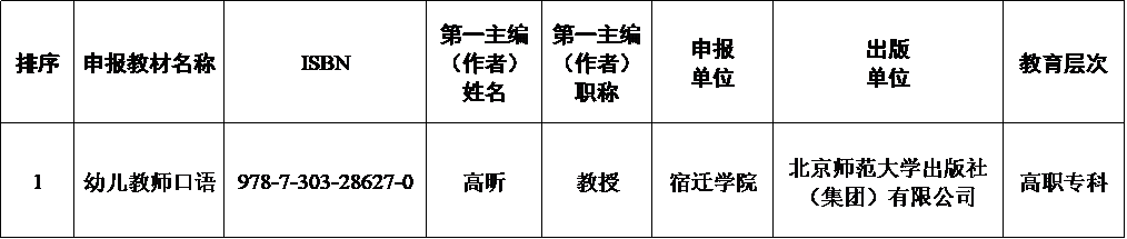 经个人申报、学校审核,现推荐高昕老师主编的教材《幼儿教师口语》申报第二批“十四五”职业教育国家规划教材,具体情况如下:
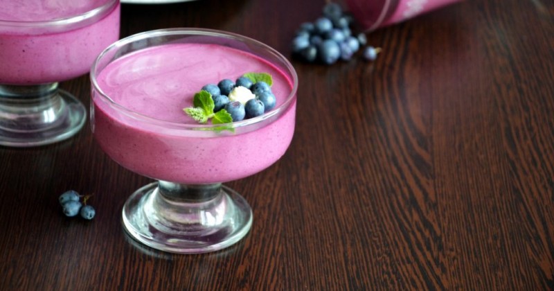 Сливочное желе с черникой Ингредиенты: 1 ст сливок,1 ст молока,20 г желатина,100 г сахара,10 г ванилина,300 г черникиПриготовление: Желатин залить 50 мл холодной воды, размешать и оставить для набухания.Чернику промыть, подсушить на полотенце и пюрировать блендером.Смешать сливки с молоком, поставить на малый...
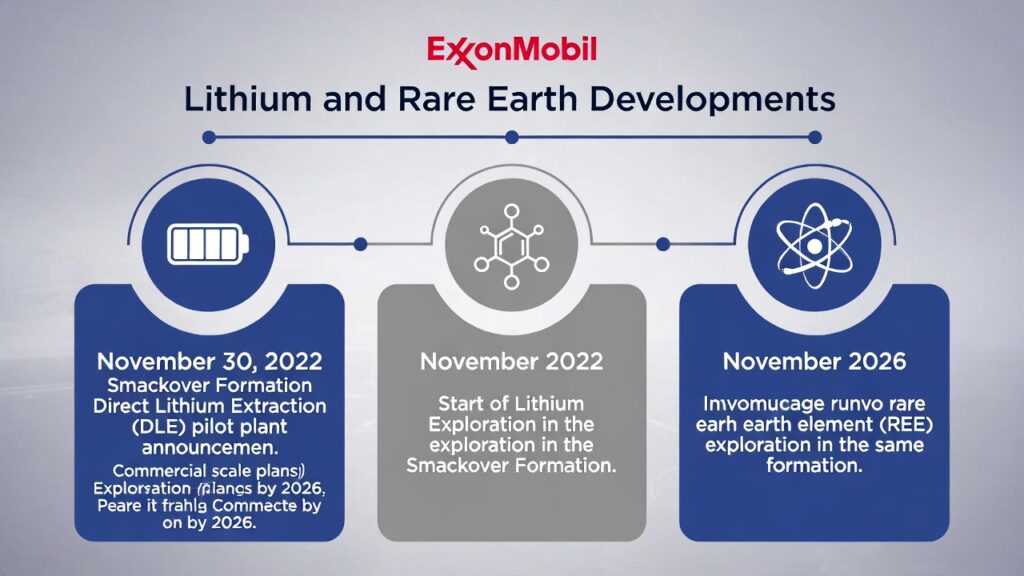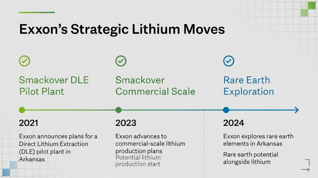 ( image: Timeline infographic showing Exxon’s lithium announcements, Smackover DLE pilot → commercial scale, and parallel rare earth exploration.)
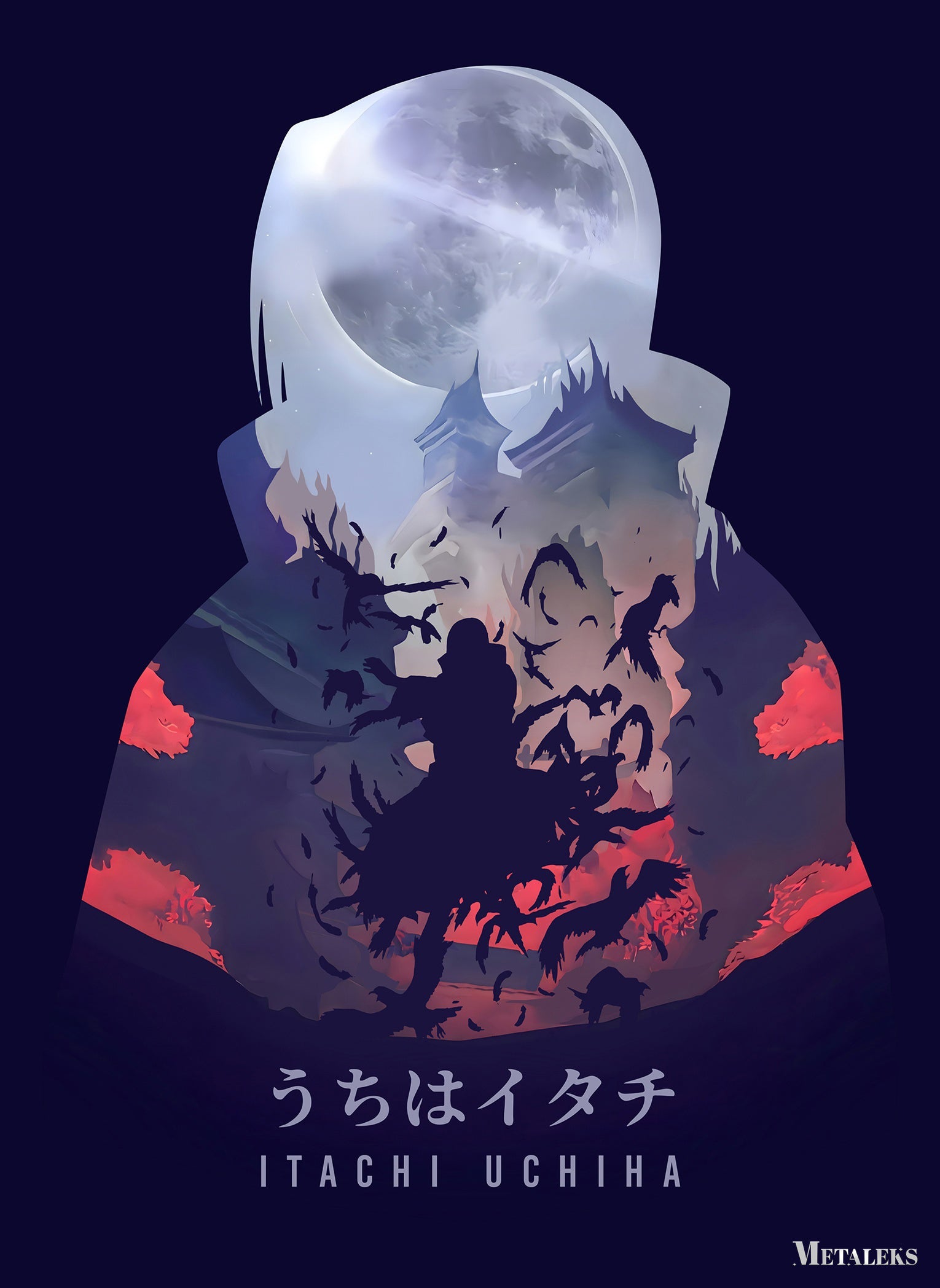 The image features a character with a hood, with a large moon behind their head. The lower part of the image shows a silhouette of a person surrounded by birds and a castle-like structure. The text at the bottom reads “うちはイタチ” (Itachi Uchiha). Metaleks Ultra HD Metal Poster – Create Your Passionate Space.

==================================================

» About this task
In the data above, find the line with "Сливочное желе с" and repeat it and every line after it through the end, exactly; leave the pictures out.

» Solution for this exercise
 Сливочное желе с черникой Ингредиенты: 1 ст сливок,1 ст молока,20 г желатина,100 г сахара,10 г ванилина,300 г черникиПриготовление: Желатин залить 50 мл холодной воды, размешать и оставить для набухания.Чернику промыть, подсушить на полотенце и пюрировать блендером.Смешать сливки с молоком, поставить на малый...
 ( image: Timeline infographic showing Exxon’s lithium announcements, Smackover DLE pilot → commercial scale, and parallel rare earth exploration.)
 The image features a character with a hood, with a large moon behind their head. The lower part of the image shows a silhouette of a person surrounded by birds and a castle-like structure. The text at the bottom reads “うちはイタチ” (Itachi Uchiha). Metaleks Ultra HD Metal Poster – Create Your Passionate Space.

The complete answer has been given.